Because I’m having revelations at a pretty lightning speed, and that is more or less terrifying.

The amount of times a day I challenge my own worldview is getting exhausting. ”

“I bet.”

“It’s grief, in a way. When you lose somebody that you love, you find yourself completely disoriented.

You have to find a new way that you fit in the world.

A new way that your life looks. This isn’t the same.

But it’s like I’m tearing apart every little piece of everything, which I was afraid to do.

I was steadfastly not doing it on that first trip.

Because I kept asking myself, ‘If I tear it into too many pieces, at what point will I not be able to put it back together?’”

That was really when her stomach hollowed out. She wasn’t sure anymore if putting it back together was what she wanted.
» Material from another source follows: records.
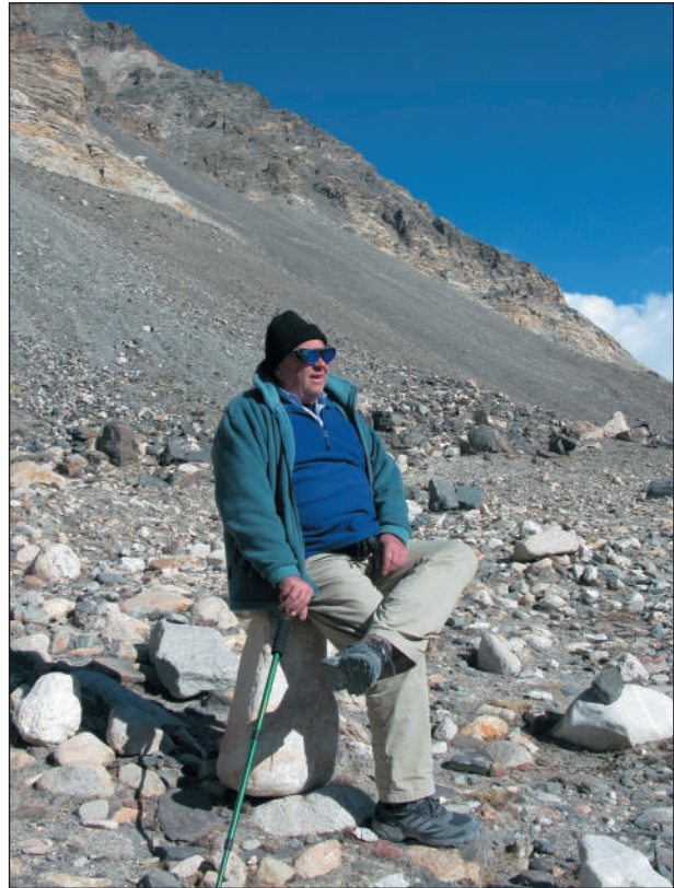
Горы Тибета заставляют переоценивать привычные масштабы. В базовом лагере на Эвересте. 12 апреля 2009 г.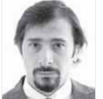
بقلم - باسم توفيق

وتميزت هذه المدرسة أيضا بتقنيات لونية رائدة اعتبرت فيما بعد منهجا تقنيا للأجيال اللاحقة ونستطيع أن نقول أيضا إن هذه المدرسة كانت أكثر رحابة من المدارس الأخرى بحيث أعطت الأماكن الهواء الطلق متنفسا داخل أعمالها، وبذلك كانت قد سبقت العديد من المدارس الأخرى في الخروج من الأماكن الضيقة ما بين أجنحة الحرم وقصور الطبقة الغنية بل والأماكن التي وصفت بأنها أكثر جديا لأعمال المستشرقين مثل أماكن العبادة وغيرها.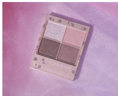
M07 チュチュバレリーナ

バレリーナの衣装を思わせる、ふんわりとしたやわらかなピンクを表現して「チュチュバレリーナ」と名付けました♡

She wasn’t sure she cared. She was beginning to wonder if maybe she had to keep tearing it apart. Because if it could be broken into so many pieces that it couldn’t be recovered, then it didn’t deserve to be.

But then, who was she?

She couldn’t be Patricia’s daughter, and she couldn’t be Will’s wife…

Samantha.

She would just have to be Samantha.

“I think I’m doing this wrong,” she said.

“I was doing it at him. Proving to him that I didn’t need to change.
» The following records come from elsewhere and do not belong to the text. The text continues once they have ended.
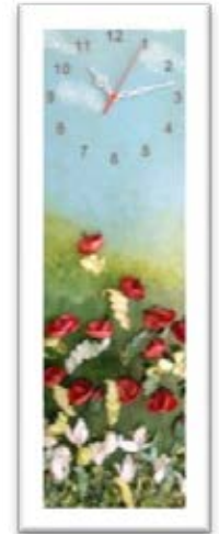
Şekil 6. Muğla Çiçekleri

Şekil 6’da görülen çalışma Muğla ili endemik bitkilerinden esinlenilerek tasarlanmıştır. Çalışma üzerindeki çiğdem çiçeği, ismini yöreden alması ile önemlidir. Fethiye çiğdemi ve yörede gelincik çiçeği olarak bilinen lale, duvar saati üzerinde düzenlenmiştir. Çiçeklerin yapımında yörede yetiştirilen ve işlenen ipek böceği kozaları kullanılmıştır. Çiçeğin formuna göre taç yapraklar kesilip, fabrikasyon toz kumaş boyası ile renklendirilmiştir. Çiçek teli üzerinde sarılarak sabitlenen çiçekler, ahşap boyası ile boyanan duvar saati kasası üzerinde düzenlenmiştir. Çiçek yapımında toz tutmaması, yıpranma hashlığının yüksekliği, kolay şekillendirilmesi ve şeklini uzun süre koruyabilmesi özellikleri yanında, yörede yetiştirilmesi nedenleri ile ipek kozası tercih edilmiştir. Sarı renkte ya da dokumaya uygun olmayan atık kozalardan yapılacak bu tür tasarımlar atıl durumda olan kozaların değerlendirilmesi ve dönüştürülmesiyle artı bir değer oluşturacaktır. Aynı zamanda Muğla ilinde yetişen endemik bitkilerin kendisini kullanmak yerine onların hem zarar görmesini engellemek hem de tanıtımını yapmak için aslına uygun olarak yeniden üretilen tasarımlar ile turistik hediyelik eşya pazarına kazandırılması yararlı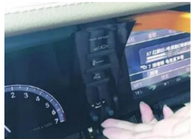
9. Hebeln Sie die Original-Bildschirmblende des Fahrzeugs ab.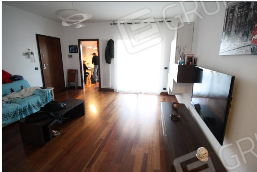
FOTO N.4 SOGGIORNO

That we didn’t need to change. I knew what the outcome would be.

I put it out there like it was hypothetical.

Like we were going to see. I didn’t let myself believe that at the end, he might choose that life.

Away from me. I certainly didn’t let myself believe that I would be the one who might want something different.

I have been certain for a very long time.

The disruption of that certainty is always difficult for me.

My mom’s death was that. This…it’s a whole other piece.

I hate it. So I needed to make it something that I could control.

Something I can be sure about. You’re right about me.

I pretend to go along with what everyone wants, and externally I often do, but I also want my way.

Pretty deeply. I thought I was going to be able to quietly and without conflict strong-arm my way into that. What would happen if I let go?”

“I don’t know.”

“Neither do I. I don’t know. I don’t know, and I’m not even sure that I want to. I don’t need to. Dammit, that is really hard to say. I like to know how it’s going to go. How it’s going to end.”

“It’s okay if you don’t,” he said.

“I guess this is the part where you settle on that old cliché. That it’s not the destination, it’s the journey.”

“Sometimes clichés are clichés for a reason.”

“I’m sorry. You’re not getting paid to be my therapist.”

“I would hope, Samantha, that after all this, you consider me a friend. Friends don’t need to get paid to listen their friends talk about their problems.”

She nodded slowly. “Yes. You’re my friend.”

It felt momentous to say that. An admission of the independent affectionate feelings that she had for Logan, rather than putting it all onto Will and their friendship.

It felt like a step toward danger, and she wasn’t quite sure why.

Maybe it was more of that distrust of herself.

She had to stop with that. She had to stop doing that.

They drove back to the main highway, continuing on down the road toward where they would be staying for the night. “I did it,” she said. “I did not do anything stupid. I even let myself think about it.”

“Is that an achievement?”

“I don’t know. It feels like it. It feels like being able to trust myself is maybe something I need to work on. Or at least work on making myself the authority in my own life.”

“Well, tomorrow maybe you’ll get a tattoo.”

“I have to research tattoo shops.”

“Research away.”

Because she was wild. More so than she’d ever been in this moment. Braver, maybe, too.

But she also had no natural inclination toward getting that body art.

Reckless abandon…but with the appropriate amount of caution.

Maybe that was who she was. Maybe, if she let the chains loose, that was exactly who she was.